§ **What the task asks**
Please output exactly the lines below, starting at the line that has "2015-2020 Chevy Tahoe" and ending at the line that has "Brown Beaded Bliss Comfort Chappals", both included; leave out all pictures and include nothing else.

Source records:
--

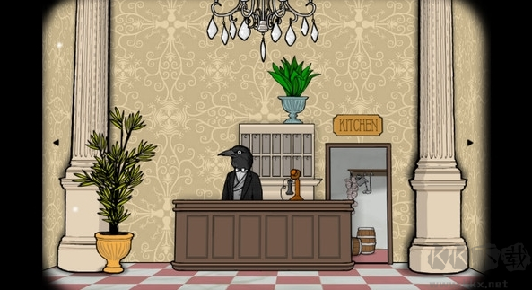 2、進(jìn)入游戲后,玩家可以通過箭頭來移動,點(diǎn)擊【kitchen】黃色牌子里面的任何物品即可進(jìn)入廚房
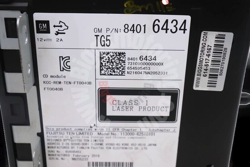 2015-2020 Chevy Tahoe Single Disc Cd Player 84016434
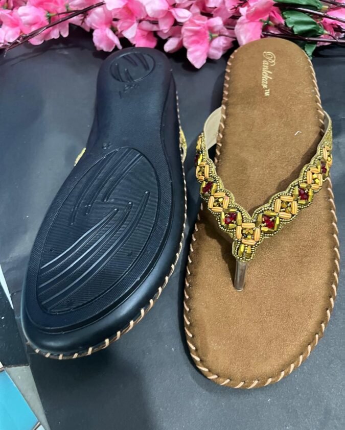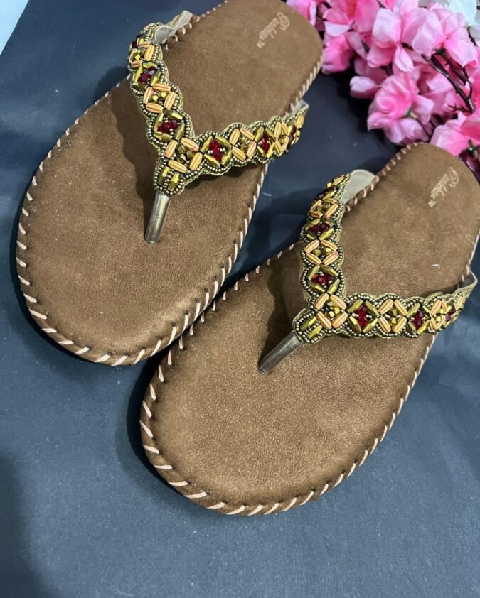 Brown Beaded Bliss Comfort Chappals
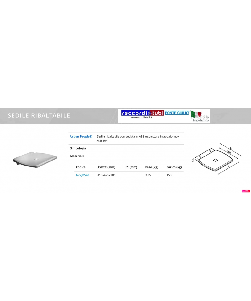 Sedile ribaltabile con seduta in ABS, realizzato con tubo di acciaio verniciato con polvere termoplastica sintetica. Colori disponibili W7 Bianco Lino Seggiolino ribaltabile con seduta integrale, indicato principalmente per l’uso in bagno. Di aspetto estetico gradevole, facile da pulire, è privo di elementi che possano causare infortuni ed è caratterizzato da un’ineguagliabile robustezza. L’articolo, fornito non assemblato, ha una struttura in tubo di acciaio con finitura esterna Rilsan®, polvere termoplastica sintetica di origine vegetale. La seduta, integrale termoformata, è in ABS-PMMA bianco. L’ancoraggio a muro è garantito da un sistema di fissaggio realizzato con piastre in acciaio inox AISI 304, abbinate ad un sistema di frizione anticaduta libera, munite di contro-piastre di livellamento e copri-piastra ad incastro rapido, realizzate in PA6 con finitura lucida. E’ prodotto impiegando materiale eco-compatibile, con una percentuale di materia prima riciclata, a sua volta riciclabile.
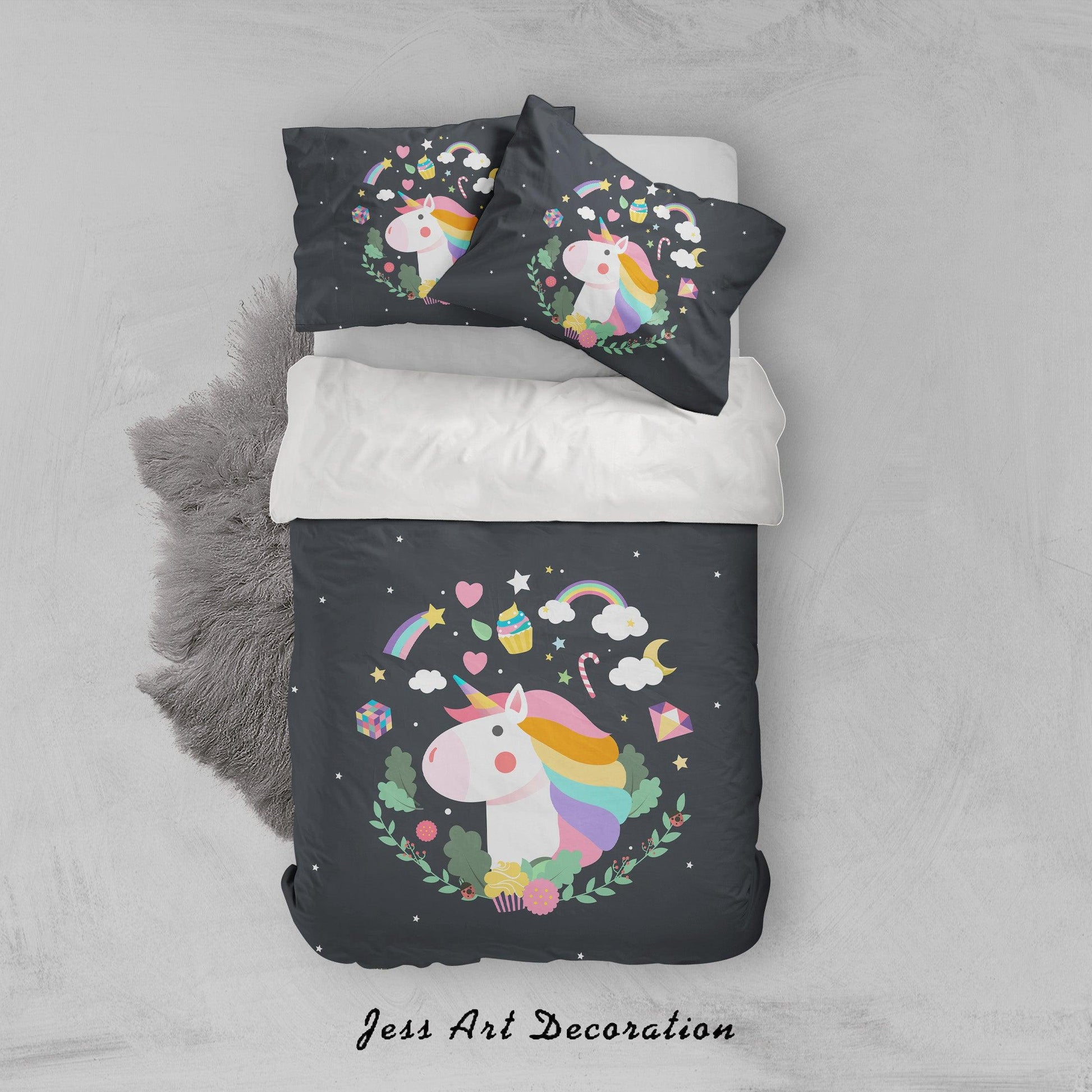 3D Black Unicorn Rainbow Star Floral Quilt Cover Set Bedding Set Pillowcases 81

--

§ **Written response**
 2015-2020 Chevy Tahoe Single Disc Cd Player 84016434
 Brown Beaded Bliss Comfort Chappals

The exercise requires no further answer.